Like any song, the lyrics can be interpreted in many ways. One of the ways it can be interpreted is as a song about suicide. I take my dreams and waking intuitions seriously. This one reminded me of why I didn’t originally press charges against the man who raped me.

I was afraid he might commit suicide. He had spoken about his suicidal thoughts in a conversation we had in Cathedral Park on September, September 8. I took his words seriously.

What happened between us wasn’t violent. It was simply sex without consent. It happened very quickly. I was in a relationship with somebody else at the time. It made things complicated.

When I finally went to the police in March of this year, it was because of a pattern of break-ins, hacks, network anomalies, and odd occurrences over the last two years. I didn’t know for sure who was responsible, but I had a lot of circumstantial evidence that this individual had been monitoring my online activity over multiple channels. I knew he had shared confidential information about me without my consent. I did not feel safe in my home.
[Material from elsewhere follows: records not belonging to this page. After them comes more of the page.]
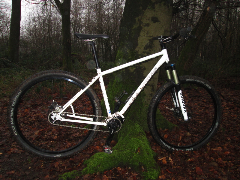 Baumstümpfe und Schlammpassagen ist. Das 29er wirklich spürbar besser über Hindernisse rollen. Mein Eindruck ist, das dies nicht nur ein Werbeversprechen der MTB Industrie ist.  Was ggf. etwas fehlt ist die Wendigkeit und die Laufräder sind größebedingt etwas schwerer. Aber bei den Laufradgrößen bin ich nicht obejetiv und etwas 26″ verliebt. Was bedauerlich ist, ist das Patria die MTB Trail’s erst nach meinem MTB-Kauf auf den Markt gebracht hat sonst hätte ich mich gegen ein Fully und für diese schöne Hardtail entschieden. Ob es dann ein 29er geworden wäre oder doch ein 26″ wäre dann vom Einsatzweck abhängig gewesen. Dann aber wahrscheinlich mit einer Rohloff.   Und was ist mit den Muttermalen? Nun wenn man bei so einem Wetter ohne Schutzbleche fährt bleiben die typischen Schlammspritzer/Muttermale ja nicht aus. Zum Glück braucht es ja nur einen Waschlappen um sie wieder zu entfernen und keinen Dermatologen ;-).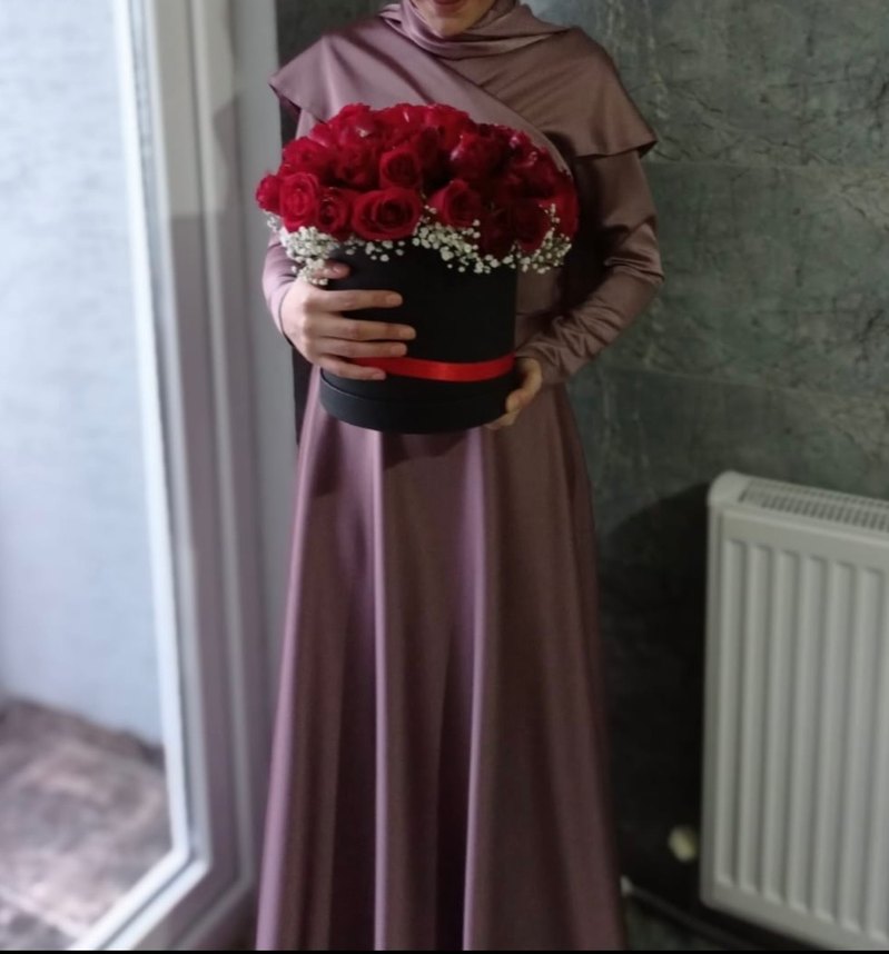 Gül kurusu renkli, drapeli ve uzun kollu, vücuda oturan kesime sahip kadın elbisesi. İpek gibi dokusu, yuvarlak yaka ve hafif çiçek desenli. Düğün ve gotik tarz için uygun.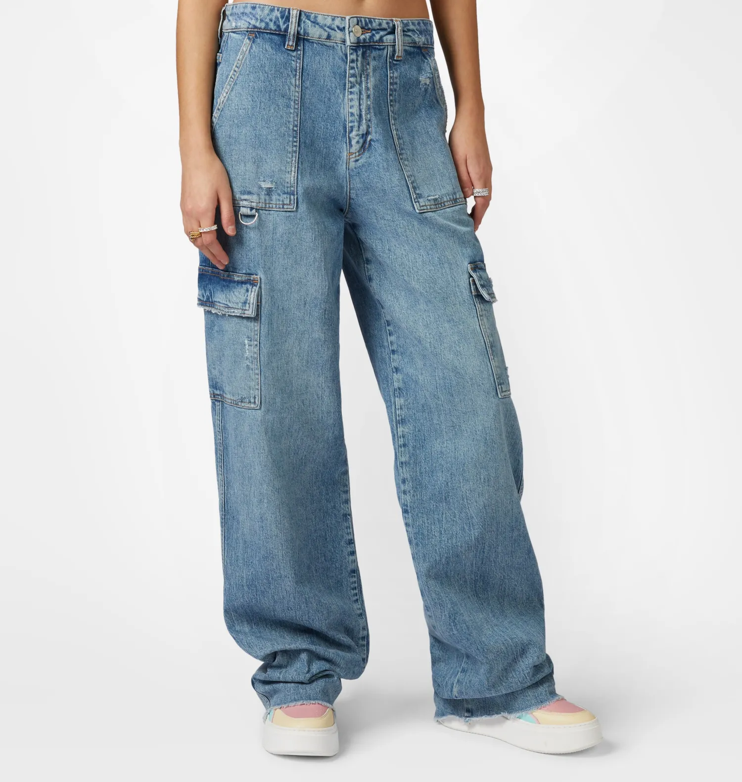 Denim cargo trousers with raw cut and rips, Ferragni Punk print on the back pocket.Fabric 1: 99% Cotton, 1% Elastane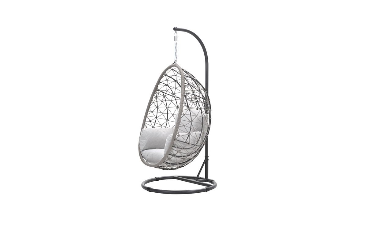 Kombinace moderních a vysoce kvalitních materiálů s výrazným designem zajišťuje hravý, ale zároveň luxusní vzhled. Houpací závěsné křeslo Sirrea je nejen poutačem pro vaši zahradu, ale hodí se i do interiéru. Závěsné křeslo ve tvaru vajíčka je vyrobeno z hliníkového rámu, který je opleten designovým lanem. Tento syntetický materiál je pevný, mimořádně odolný vůči povětrnostním vlivům a vysoce stálobarevný. Robustní ocelový rám, na kterém vajíčko visí, je opatřen ochrannou práškovou vrstvou. Součástí je také pohodlné polstrování s vodoodpudivou úpravou. Rozměry rámu jsou Ø90 x 195 cm a koše 88 x 128 cm.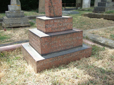 His mother was Theresa Eliza Stafford Caulfeild (nee Caulfeild, his parents were distant cousins) was born on the 15th March 1850 in Bhagulpore, Bengal, India. His parents married on the 1st March 1870 in St.Peter, Eaton Square, London. After the death of John Caulfeild she married Thomas Hennessy on the 29th March 1897 at Colchester Register Office, Essex. She died on the 3rd May 1911 at 1 Kingsway Mansions, Hove, Sussex. She was buried on the 6th May 1911 at Hove Cemetery.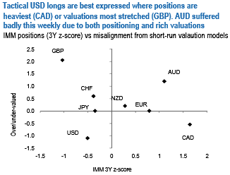 Cable is the most over-valued G10 currency versus the dollar (refer above chart). Indeed, cable is more expensive versus 2Y rate spreads than at any point in the last five years. Fair-value currently languishes at 1.15, more than two sigma below the spot rate (refer above chart). GBP is consequently one of the most attractive currencies to sell for an extension of the dollar’s interest rate rally.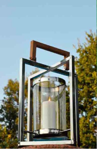 Laterne aus Edelstahl und Naturholz.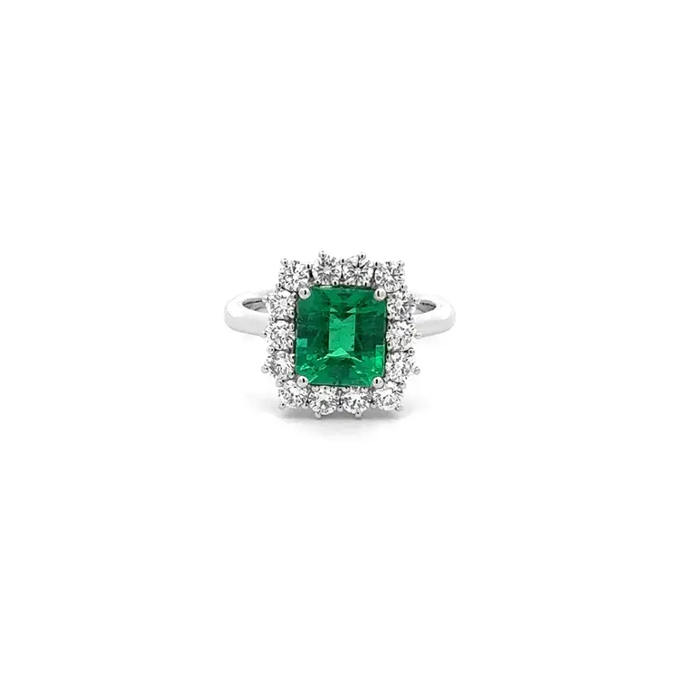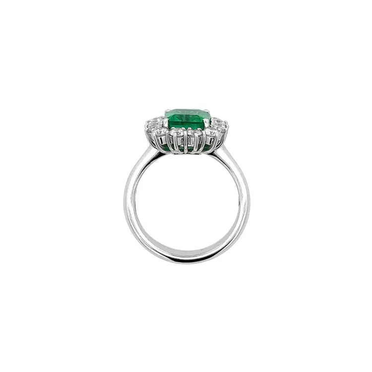 Seitlich wird der zentrale Stein von runden Diamanten mit insgesamt 0,90 ct (Farbe G, Reinheit VS) umrahmt, die dem Smaragd Licht, Bewegung und Brillanz verleihen. Der eindrucksvolle Kontrast zwischen dem lebendigen Grün des Steins und dem klaren Weißgold erzeugt ein Gefühl von raffinierter Extravaganz bei gleichzeitigem zeitlosen Stil.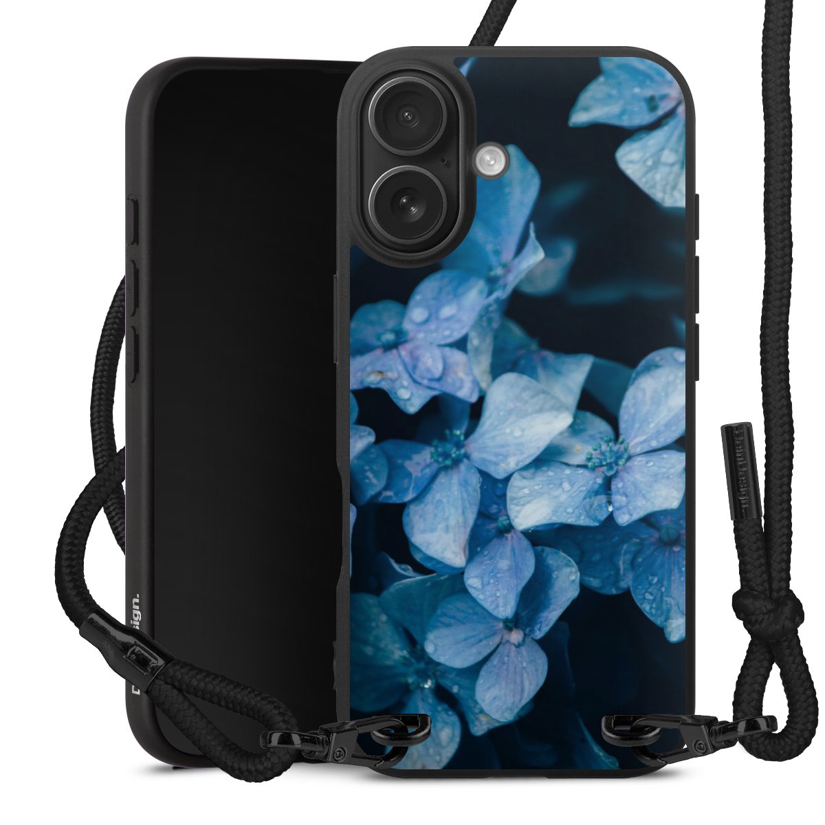 Pure Black: Handyhülle, Stoffband und Metalldetails in stylischem Mattschwarz.

I have also filed a complaint with the California State Bar about this matter, because the individual in question is a lawyer licensed in that state. I received a detailed and prompt response, rejecting my complaint because my county district attorney had not yet filed charges but inviting me to appeal and submit further documents and evidence. After much indecision and waiting, I finally did so last week.

From here I have done about all I can do, working within the system. Regardless of the outcome, I will continue to draw on my personal experience to advocate for trauma survivors everywhere.

I made the decision this morning to password-protect the link to the individual’s voice confession and the accompanying transcript. All of the content is still there. The recording was made legally in the State of Oregon and I have every right to share it in the future as I see fit. But I am choosing not to. Because leaving this information up there and crawlable by search engines does not help me in any way. It only causes harm to him.

I am afraid of this person and I think they should receive justice under the law, but  I do not want them dead. That is not part of my code of ethics. That is not who I am.